January 26 – March 24, 1996
CAPC Musée d'Art Contemporain, Bordeaux, France
Curator: Nicolas Bourriaud
It wasn't until after this exhibition opened that its curator, Nicolas Bourriaud, published the book Relational Aesthetics, which went on to become one of the most influential texts of late-20th century art, but "Traffic" sowed the seeds for Bourriaud's treatise. The term "relational aesthetics" was actually used for the first time in the exhibition's catalogue, describing work that is based on a social interaction or experiences between participants; the concept has since become part and parcel of contemporary art discourse. What visitors to the exhibition at Bordeaux's CAPC (housed in a massive warehouse building that had been converted into gallery spaces) encountered was, among other things, Dominique Gonzalez-Foerster's "seance room" where visitors could draw floor plans of their childhood homes; photographs by Jason Rhoades of a brand-new saloon car purchased with money procured from the CAPC as an artwork production cost; and dirty dishes left over from meals shared with friends and colleagues during preparations for the show by Rirkrit Tiravanija—the kind of work that is still considered radically avant-garde, which just goes to show that art history has not yet fully grappled with the show's legacy.
"SENSATION: YOUNG BRITISH ARTISTS FROM THE SAATCHI COLLECTION"

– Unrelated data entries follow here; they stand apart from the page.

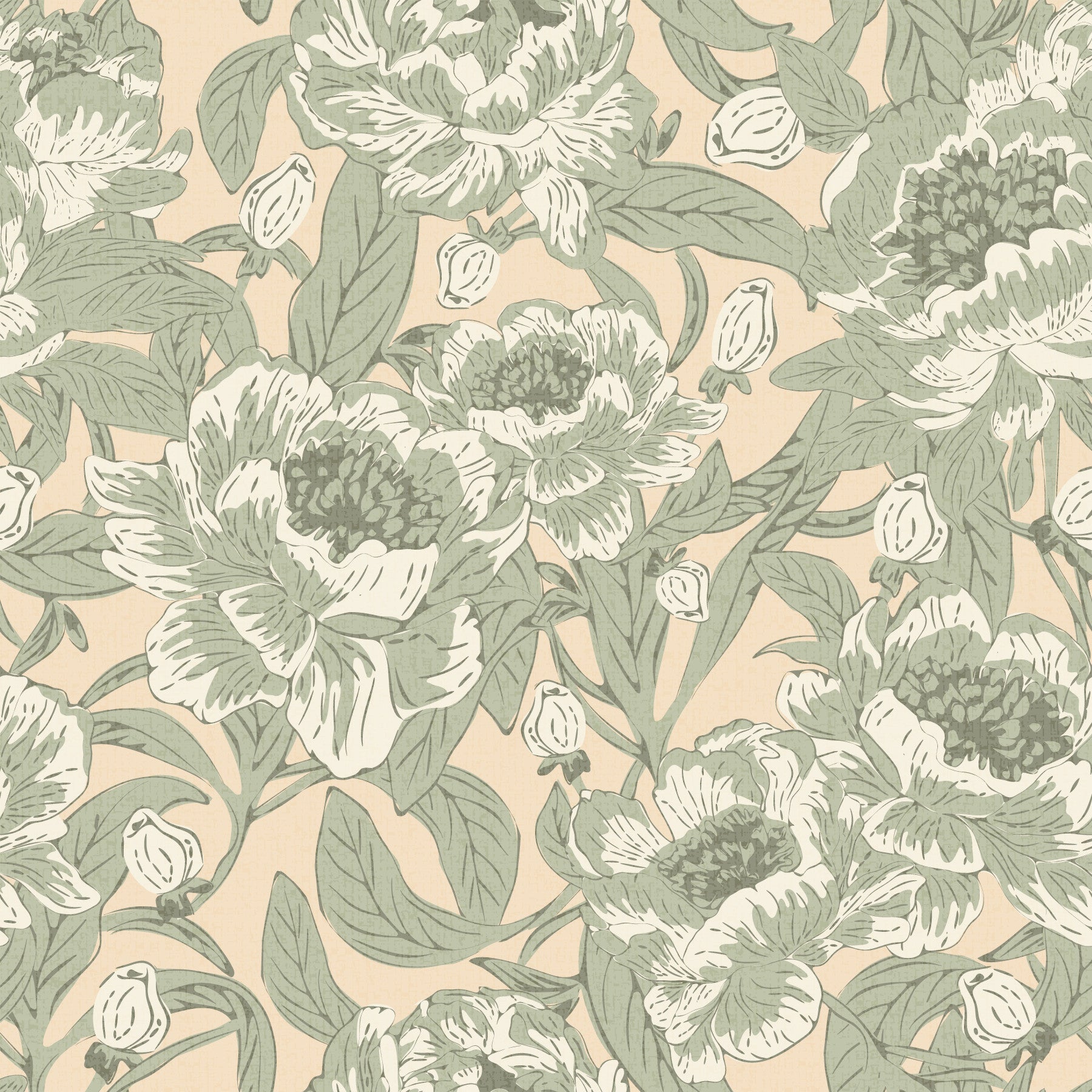Indulge in the serene beauty of 'Romantic Peonies Sage Green,' a wallpaper design that evokes a sense of tranquil elegance. Delicate sage green peonies, rendered with a soft, textured touch, bloom across a warm, neutral background. The design features a charming blend of fully opened peonies and tightly closed buds, creating a dynamic yet harmonious floral pattern. Subtle variations in shading add depth and realism to the blooms, while the textured background contributes a sense of vintage charm. Perfect for creating a romantic and calming atmosphere in any space.
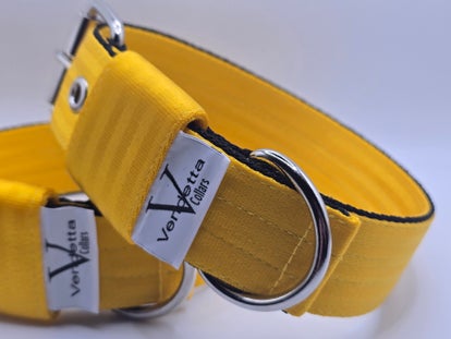 Sterk, stijlvol en verrassend comfortabel! Deze halsband, gemaakt van stevig autogordelmateriaal in geel met zwart, is bijna onverwoestbaar en toch soepel voor dagelijks draagcomfort. Kleurvast en slijtvast, dus hij blijft er lang als nieuw uitzien. Perfect voor honden die net zo krachtig zijn als hun uitstraling!
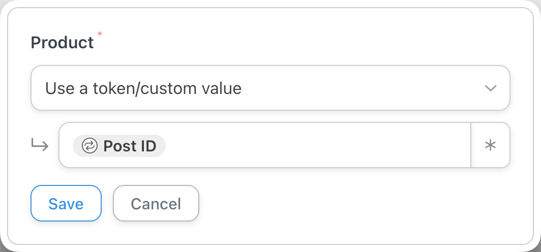 In the Product field, select the Use a token/custom value > Loop > Post ID as we did in the previous recipe.
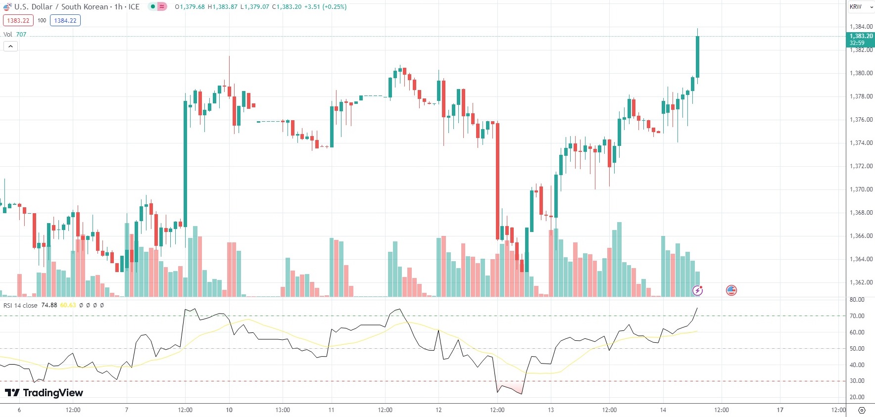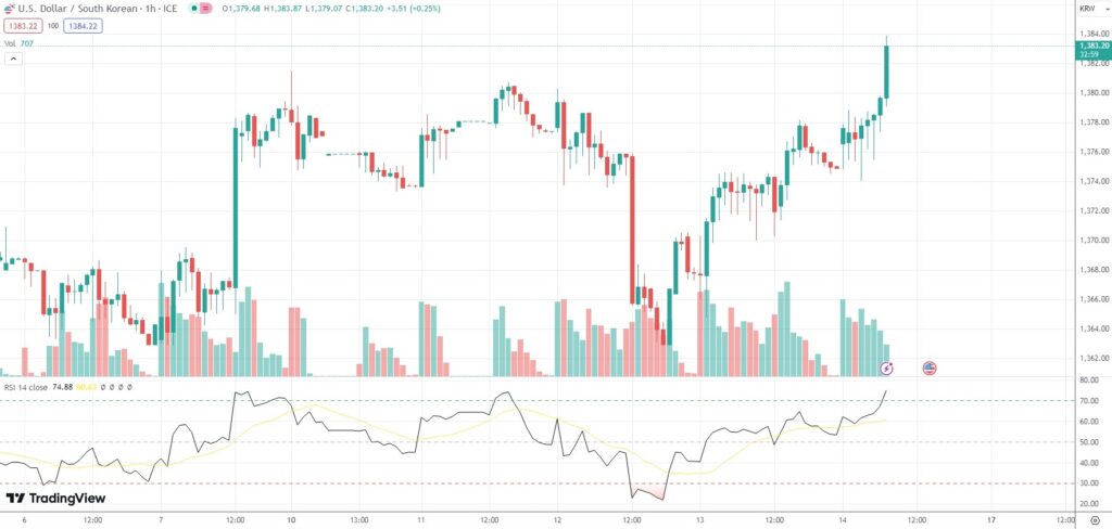 The South Korean Won was 0.59% weaker on the day against the US Dollar, with the USD/KRW currency pair last trading at 1,383.04.
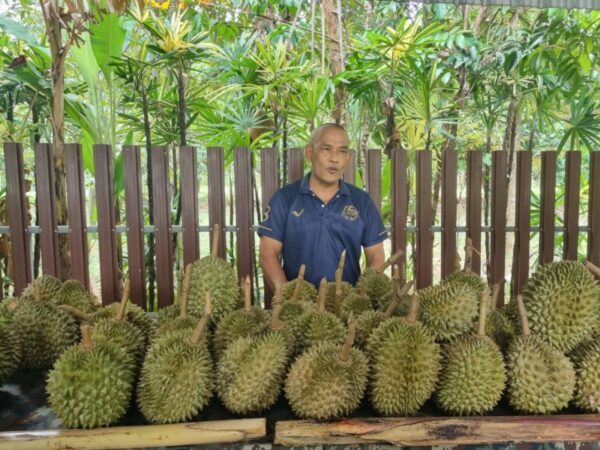 ครูโอ๊ะลงพื้นที่ในครั้งนี้ เพื่อเยี่ยมชมสวนทุเรียน GI ศูนย์เรียนรู้ต้นแบบ “ริมปรือบ้านสวน” และประเดิมตัดทุเรียน GI ลูกแรก ซึ่งเป็นทุเรียนเฉพาะพื้นที่ รสชาติดี มีเอกลักษณ์ของพื้นถิ่น โดยกรมทรัพย์สินทางปัญญา กระทรวงพาณิชย์ ได้ประกาศขึ้นทะเบียน “ทุเรียนปราจีน” ของจังหวัดปราจีนบุรี เป็นสินค้าสิ่งบ่งชี้ทางภูมิศาสตร์ (Geographical Indication : GI)
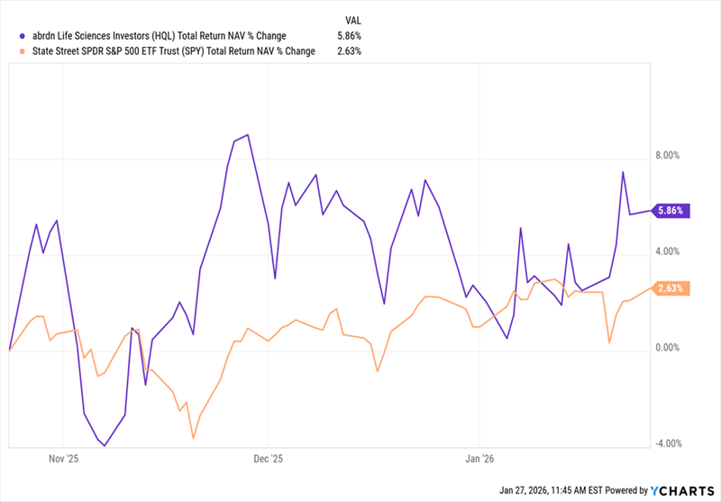 We can do that with one closed-end fund (CEF) we added to my CEF Insider service late last year: the abrdn Life Sciences Investors Fund (HQL), which yields 11.6%.

September 18 – December 28, 1997
Royal Academy of Arts, London UK, and touring
Curators: Norman Rosenthal and Charles Saatchi
Charles Saatchi's massive, scandalous exhibition probably had the biggest impact on the art market of any exhibition in the entire history of contemporary art. It was here that Chris Ofili's The Holy Virgin Mary set off a virtual war between the Catholic Church and the art world, imbricating New York's judicial system in the process. (Ofili's painting of the Holy Virgin Mary includes balls of elephant dung and cutouts from pornographic magazines.) Such shock tactics and dark humor abounded; reading the works' titles alone gives one the general idea: included here were Ron Mueck's Dead Dad (1996–97) and Jake and Dinos Chapman's Tragic Anatomies: Cunt Chops (1996), for example. The exhibition brought fast global attention to the "Young British Artists"Tracey Emin, Alex Hartley, Damien Hirst, Marc Quinn, Fiona Rae, Yinka Shonibare, Gillian Wearing, and Rachel Whiteread.
"WACK!: ART AND THE FEMINIST REVOLUTION"
March 4 – July 16, 2007
The Geffen Contemporary at The Museum of Contemporary Art, Los Angeles; traveled to Washington, DC, PS1 in Queens, Vancouver
Curator: Cornelia Butler
As of 2013, New York's Museum of Modern Art had only dedicated four solo exhibitions in its main galleries to female artists in its entire history. MoMA is working on correcting that deficiency now, but the statistic is a sad reminder of the neglect that female artists have experienced in the history of modern and contemporary art. The 2014 Whitney Biennial featured an entire section of all-female painters, and the Bruce High Quality Foundation's biennial, taking things a step further, was entirely female-only. These are good correctives to the fact that women artists are still massively underrepresented in major museums and in art history.
Eight years of preparation went into crafting "WACK," the first comprehensive effort to correct modern art history's shameful gender bias, focusing on work that emerged from the feminist art movement of 1965 through the 1980s and organized by theme. It solidified the historical importance of the work of female artists like Lynda Benglis, Dara Birnbaum, Judy Chicago, Jay Defeo, Isa Genzken,Lee Lozano, Ana Mendieta, Marta Minujin, Yvonne Rainer, Carolee Schneemann, Nancy Spero, Francesca Woodman, and Lygia Clark—the latter of which is the subject of an upcoming major retrospective exhibition at MoMA.